**Exercise brief**
All lines from the one containing "Ois toki nämäkin" through the last line of the listing below are to be copied exactly. Exclude the pictures.

**Record set**
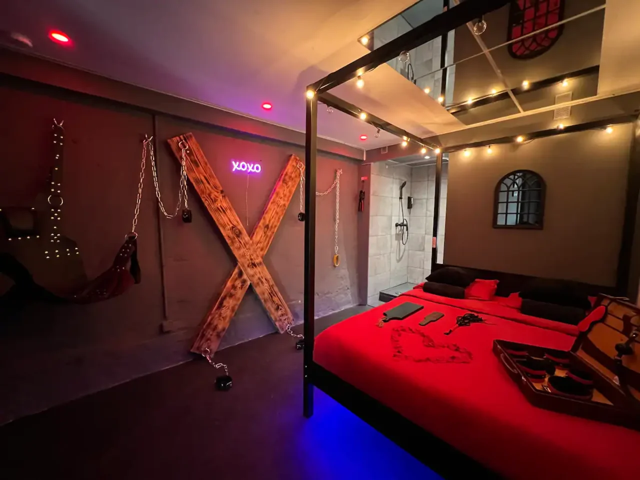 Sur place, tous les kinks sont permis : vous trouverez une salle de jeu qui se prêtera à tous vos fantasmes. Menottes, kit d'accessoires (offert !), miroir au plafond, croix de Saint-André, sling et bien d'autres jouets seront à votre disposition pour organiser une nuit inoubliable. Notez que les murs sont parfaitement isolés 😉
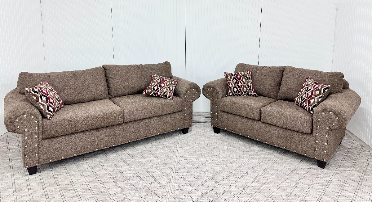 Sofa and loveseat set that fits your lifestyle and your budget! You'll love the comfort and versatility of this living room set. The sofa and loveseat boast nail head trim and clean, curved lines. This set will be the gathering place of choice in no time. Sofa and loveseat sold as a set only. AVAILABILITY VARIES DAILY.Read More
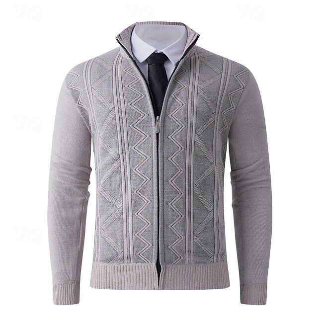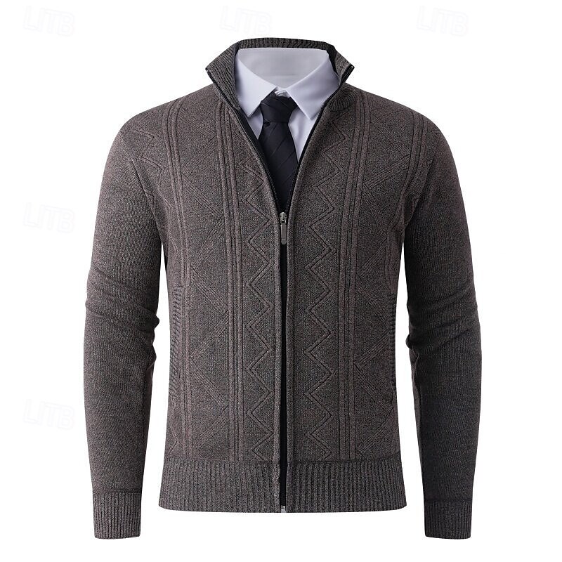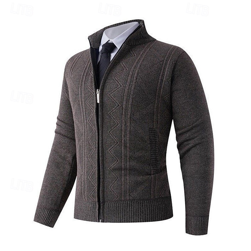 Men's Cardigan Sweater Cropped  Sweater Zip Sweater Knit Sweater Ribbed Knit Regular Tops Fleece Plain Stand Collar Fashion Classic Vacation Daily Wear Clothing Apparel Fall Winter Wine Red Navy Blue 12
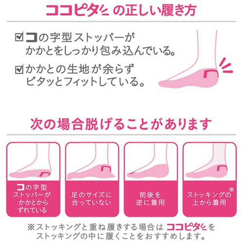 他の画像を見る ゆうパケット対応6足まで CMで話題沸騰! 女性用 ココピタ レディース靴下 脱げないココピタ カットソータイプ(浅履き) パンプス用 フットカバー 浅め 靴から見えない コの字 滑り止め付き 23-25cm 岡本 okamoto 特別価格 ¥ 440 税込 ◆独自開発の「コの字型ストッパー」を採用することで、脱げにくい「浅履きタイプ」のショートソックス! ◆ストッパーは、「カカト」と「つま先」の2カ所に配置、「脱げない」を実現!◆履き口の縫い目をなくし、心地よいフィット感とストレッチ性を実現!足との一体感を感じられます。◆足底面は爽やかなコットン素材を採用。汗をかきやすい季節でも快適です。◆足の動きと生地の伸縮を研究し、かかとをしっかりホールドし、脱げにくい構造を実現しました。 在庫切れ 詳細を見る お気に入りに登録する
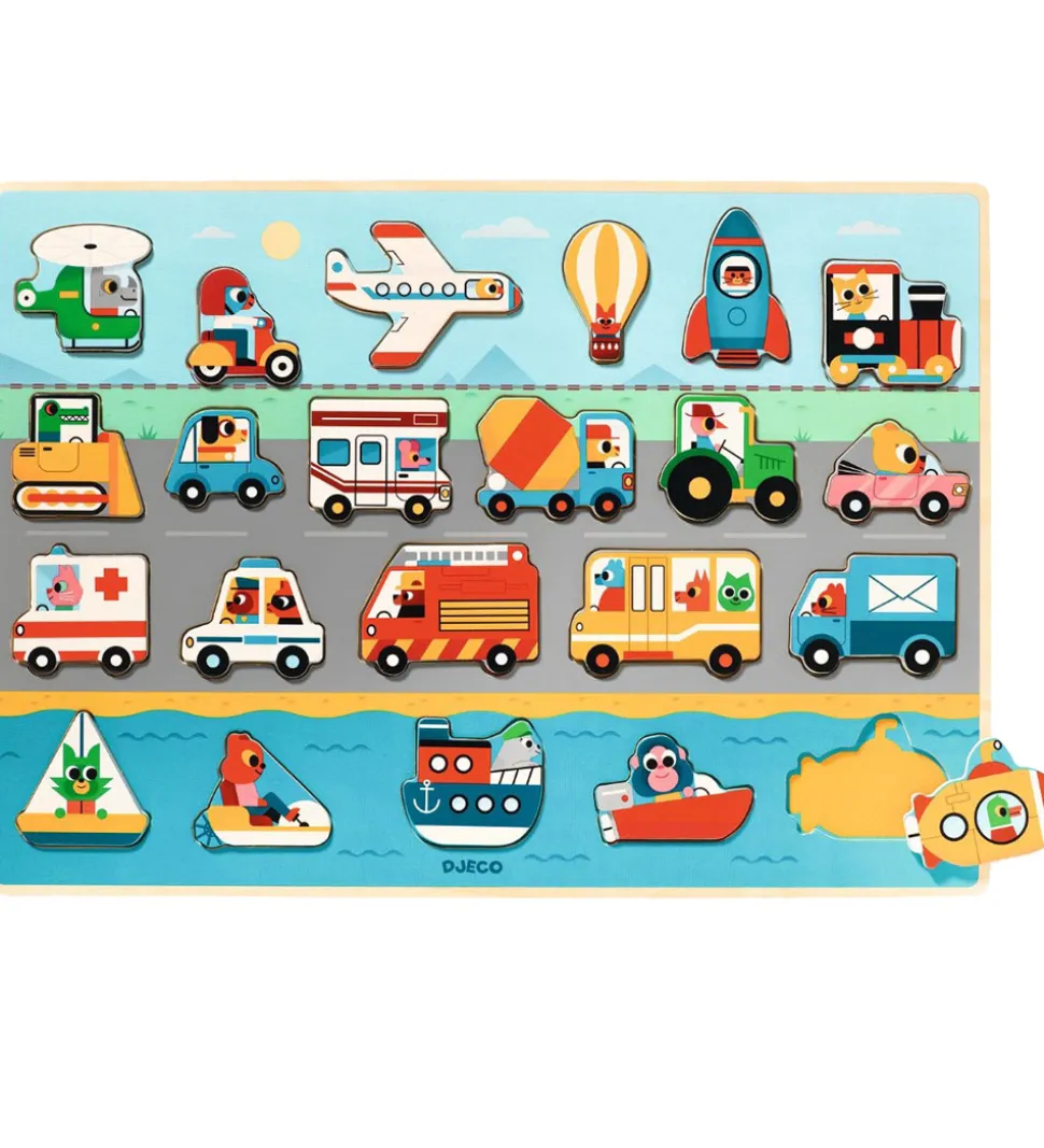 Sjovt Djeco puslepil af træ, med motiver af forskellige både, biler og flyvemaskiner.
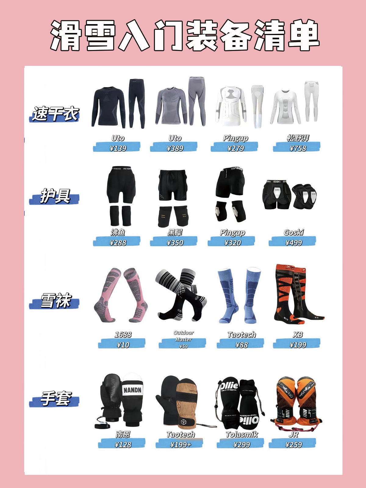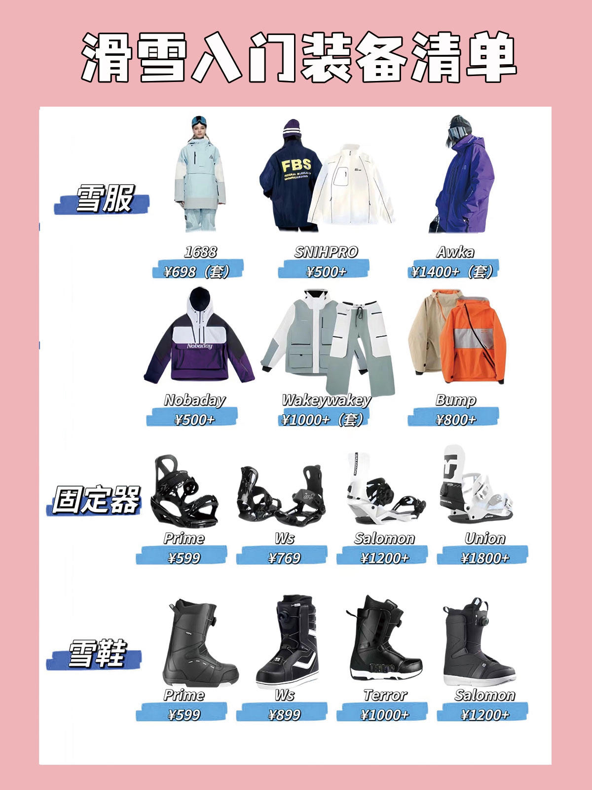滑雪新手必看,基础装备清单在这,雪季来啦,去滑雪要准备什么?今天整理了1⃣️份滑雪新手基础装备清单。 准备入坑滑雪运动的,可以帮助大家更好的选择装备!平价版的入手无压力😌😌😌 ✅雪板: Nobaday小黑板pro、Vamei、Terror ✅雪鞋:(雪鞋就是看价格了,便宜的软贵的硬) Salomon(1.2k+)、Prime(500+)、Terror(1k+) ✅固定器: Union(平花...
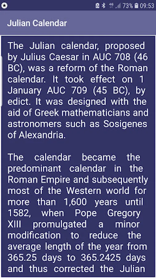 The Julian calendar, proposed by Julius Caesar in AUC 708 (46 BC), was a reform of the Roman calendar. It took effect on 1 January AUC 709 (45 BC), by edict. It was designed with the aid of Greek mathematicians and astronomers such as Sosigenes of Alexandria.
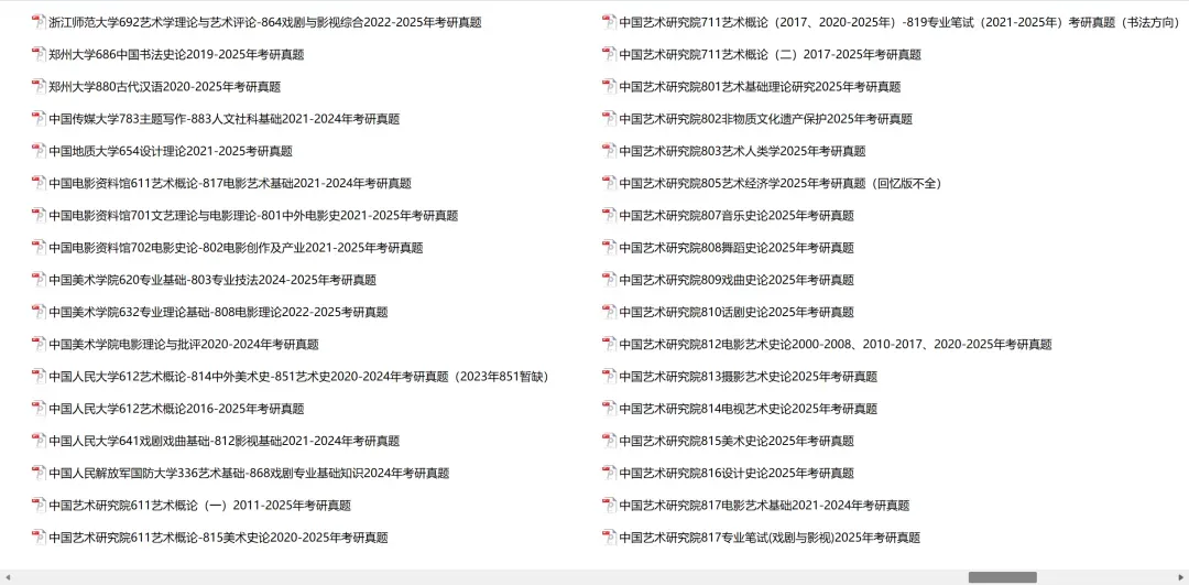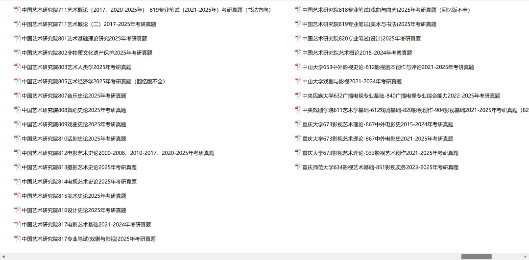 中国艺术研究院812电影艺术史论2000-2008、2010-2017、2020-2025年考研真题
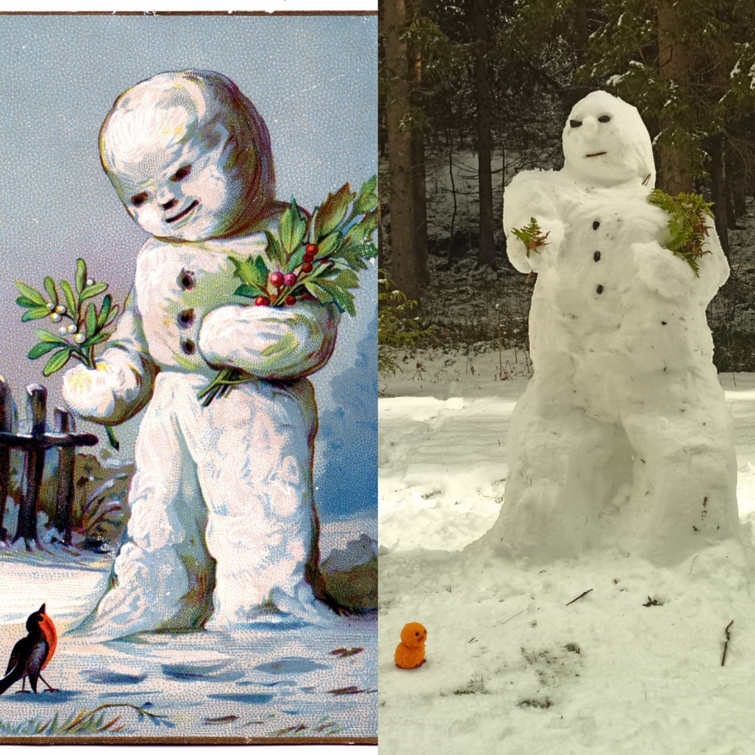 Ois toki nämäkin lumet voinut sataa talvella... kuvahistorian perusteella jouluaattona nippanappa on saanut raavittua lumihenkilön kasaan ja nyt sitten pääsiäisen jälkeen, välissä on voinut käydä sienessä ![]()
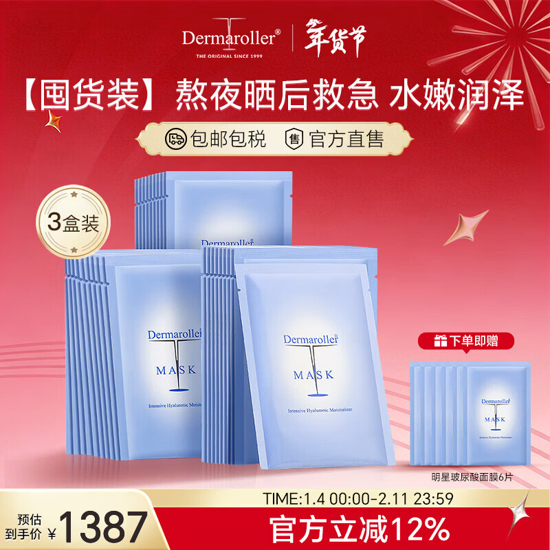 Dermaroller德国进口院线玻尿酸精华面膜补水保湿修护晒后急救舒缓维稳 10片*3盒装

**Reply to the exercise**
 Ois toki nämäkin lumet voinut sataa talvella... kuvahistorian perusteella jouluaattona nippanappa on saanut raavittua lumihenkilön kasaan ja nyt sitten pääsiäisen jälkeen, välissä on voinut käydä sienessä ![]()
 Dermaroller德国进口院线玻尿酸精华面膜补水保湿修护晒后急救舒缓维稳 10片*3盒装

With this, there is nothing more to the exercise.